| Task goal |
Your answer should hold exactly the lines below from the line with "鍋蓋を収納したままお玉・菜箸" through the line with "Скумбрія грильована в", both included, and no pictures at all.

| Given information |
☆ ☆ ☆ ☆ ☆ ☆ ☆
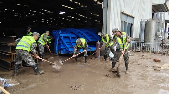經(jīng)過6個(gè)多小時(shí)連續(xù)冒雨奮戰(zhàn),截至9月5日21時(shí)20分,官兵累計(jì)清理道路3000余米,清理淤泥及垃圾1000余方,轉(zhuǎn)移受損車輛5輛,清理泄洪渠30米。
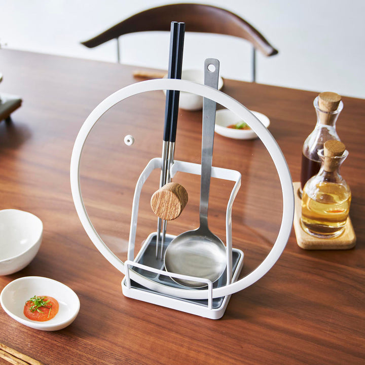 鍋蓋を収納したままお玉・菜箸の出し入れができます。いちいちどかしたりずらしたりする必要がないので、調理中に使いたいものをさっと手に取れます。
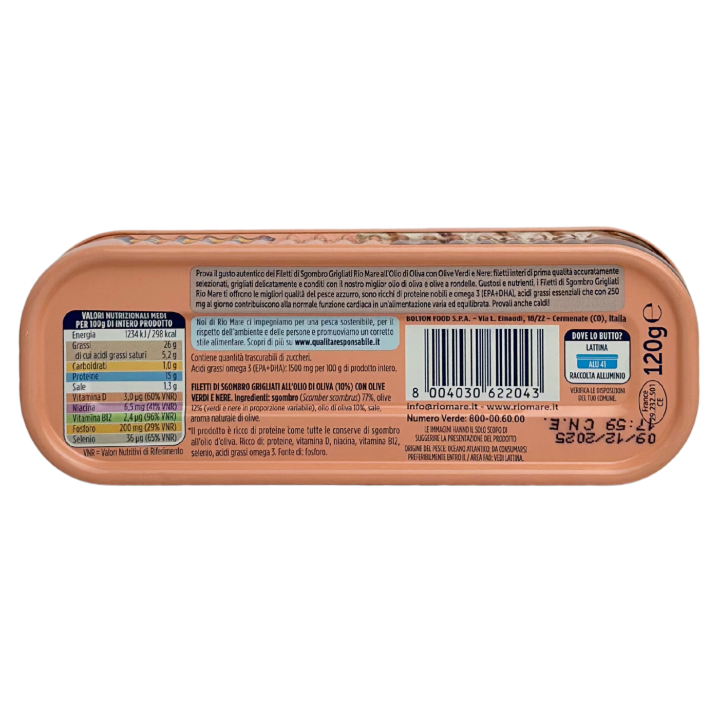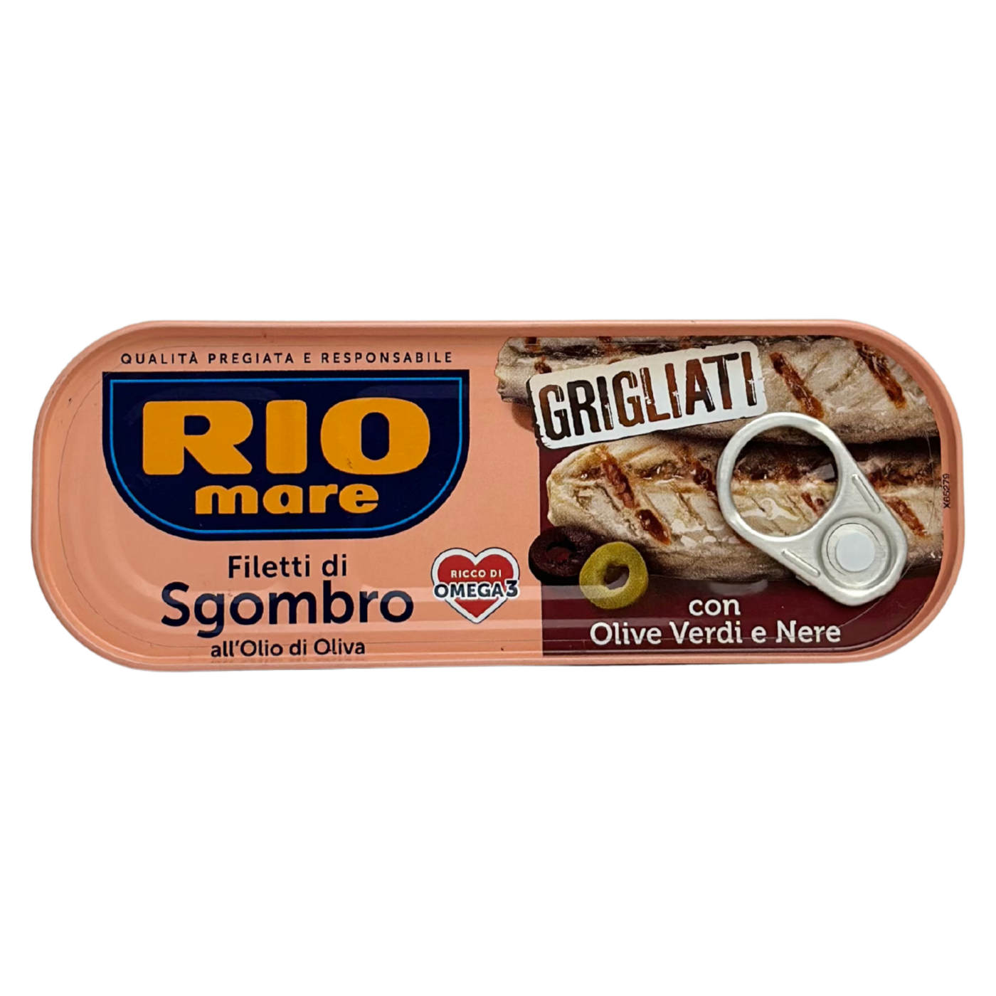 Скумбрія грильована в оливковій олії з зеленими та чорними оливками Rio Mare Filetti di Sgombro all’Olio Verdi e Nere 120g
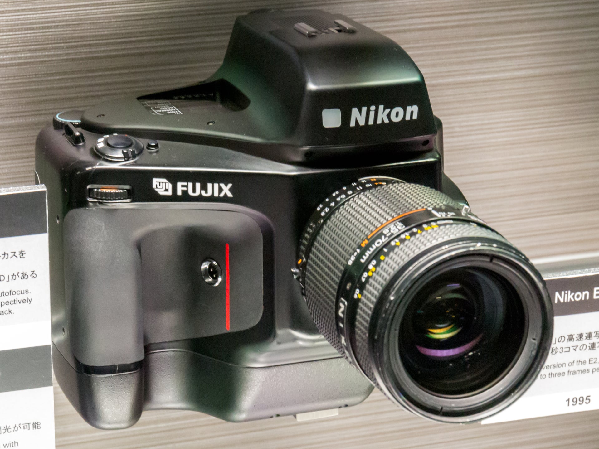 Tymczasem analogowi potentaci nie spieszyli się specjalnie z wdrażaniem nowych rozwiązań – po co, skoro ich portfolio sprzętu analogowego miało się znakomicie? W rezultacie pierwsze modele lustrzanek cyfrowych Nikona powstawały w kooperacji z Fuji – w 1994 roku Do oferty trafił pierwszy z modeli rodziny E2, a w 1999 roku E3. Były to dziwne konstrukcje – korzystały z pełnoklatkowych obiektywów systemowych Nikona, miały jednak niedużą 2/3” matrycę CCD o rozdzielczości 1,3 Mpix. Obraz z obiektywu był kompresowany optycznie na potrzeby matrycy za pomocą tzw. Reduction Optical System, zatem obiektyw 50 mm miał pole widzenia takie samo, jak dla pełnej klatki, jednak znacznie degradowało jasność i jakość obrazu.
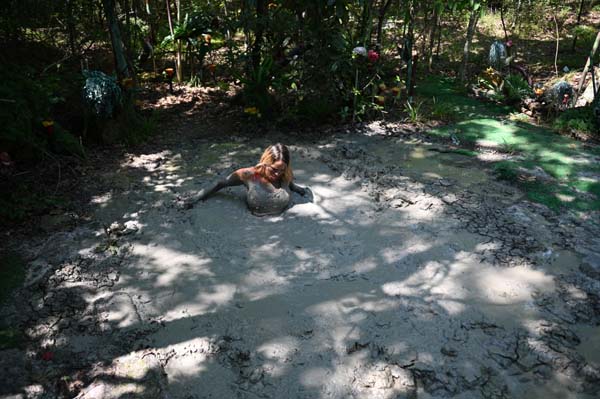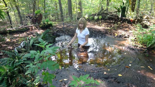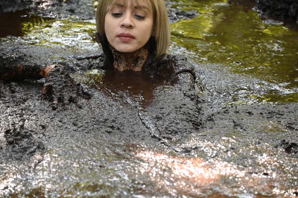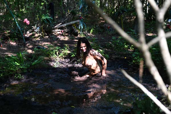 To become a member of the Touchtone Club, rose must go through an initiation ritual. She must stay out all night in the forest, alone, and almost naked. Immediately the mosquitos attack. She tries to keep moving...faster and faster, but they keep it up. Then, going too fast in the gathering darkness she blunders into quicksand. She sinks to her neck in panic. The panic turns to frustration as she stops sinking but is still stuck. Then, figuring out how to move in the thick clay she crawls out. The mosquitoes return. Well they left her alone in the more so she gets back in and has a nice wallow all night.
☆ ☆ ☆ ☆ ☆ ☆ ☆
| Finished task |
 鍋蓋を収納したままお玉・菜箸の出し入れができます。いちいちどかしたりずらしたりする必要がないので、調理中に使いたいものをさっと手に取れます。
 Скумбрія грильована в оливковій олії з зеленими та чорними оливками Rio Mare Filetti di Sgombro all’Olio Verdi e Nere 120g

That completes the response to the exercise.